【Realtime Voice Changer】英語解説を日本語で読む【2023年5月25日｜@Nerdy Rodent】

2023年5月27日 07:45

AIの声変換機能を備えた使いやすい音声変換アプリの解説です。このアプリは、別々のツールを必要とせず、声変換プロセスを簡略化します。
公開日：2023年5月25日
※動画を再生してから読むのがオススメです。

Hello and welcome to more Nerdy Rodent geekery.

こんにちは、そしてようこそ、さらなるNerdy Rodentのギークな世界へ。

Voice-to-voice technology, in case you're not aware of what this is, basically allows you to change one voice into another voice, a bit like having an AI voice changer.

ボイス・トゥ・ボイス技術とは、何かを知らない場合、基本的には1つの声を別の声に変えることができ、AIボイスチェンジャーのようなものです。

And the best part?

そして、一番の魅力は？

Everything you need is now all in one app.

必要なものはすべて1つのアプリに集約されています。

Plus, it's really quick to train as well.

しかも、トレーニングも短時間で済みます。

So here it is, the retrieval-based voice conversion web user interface.

これが、検索型音声変換のウェブユーザーインターフェイスです。

Hardly a mouthful at all.

まったくもって、難しい言葉です。

You may be aware that AI singing voice conversion can be a bit of a task, as there are multiple stages involved before you can create your masterpiece video with John Cena dancing while listening to Abraham Lincoln singing the very latest K-Pop song.

AIによる歌唱声変換がやや手間がかかることはご存知かもしれません。これは、John Cenaがダンスしながら、Abraham Lincolnが最新のK-Pop曲を歌うというあなたの傑作ビデオを作成する前に、複数のステージを経る必要があるからです。

First, you need to collect a bunch of voice samples, process them, train a model, separate the vocals from the music track you're changing (if you don't already have them separately), run your new AI model on those vocals, and finally mix them back in with the music.

まず、多くの音声サンプルを収集し、それらを処理し、モデルを訓練し、変更する音楽トラックからボーカルを分離します（すでに別々に持っていない場合）、そのボーカルに新しいAIモデルを実行し、最終的にそれらを音楽と再度混ぜます。

Thankfully, that can now all be done via this one web interface.

それが、このウェブインターフェイスですべてできるようになったのはありがたいことです。

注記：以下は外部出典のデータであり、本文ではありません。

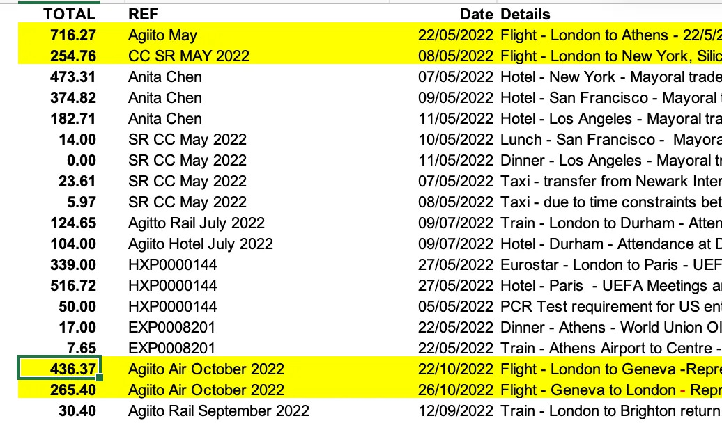 While working for Khan, she has taken various flights (invoicing taxpayers, of course). Here’s her flight bill for 2022-23:
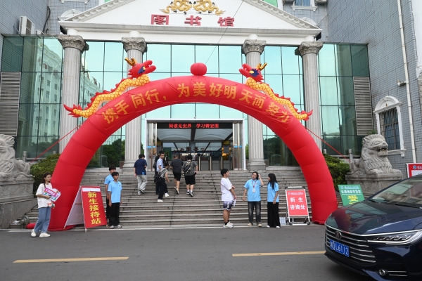 新生与家长向图书馆报到点进发

And what is the quality like?

そのクオリティはどうなのでしょうか？

Well, let's have a listen.

では、実際に聴いてみましょう。

I've used an example song from Pixabay.

Pixabayの楽曲を例にしてみました。

There it is, meaning that in less than 30 minutes of training time, I can be the one singing instead.

これなら、30分もかからずに、私が代わりに歌うことができます。

So let's take a quick listen to a clip of the original, so we know what I'm going to convert from.

それでは、私が変換する元の音源のクリップを短く聞いてみましょう。

And then, now, with that voice changed by this AI to sound like me instead.

そして今、その声はこのAIによって私のように聞こえるように変えられました。

Want to do this yourself?

自分でもやってみたいですか？

Then stick with me here, and I'll show you exactly how.

では、その方法をお見せしますから、お付き合いください。

As with anything Python, installation is an absolute breeze.

Pythonと同じように、インストールは至って簡単です。

And the best part is that it works on a range of operating systems, even Microsoft Windows.

そして何より、Microsoft Windowsを含む様々なOS上で動作するのが魅力です。

Here's a little table with some of the requirements if you use Microsoft Windows.

Microsoft Windowsを使用している場合の必要条件を表にまとめてみました。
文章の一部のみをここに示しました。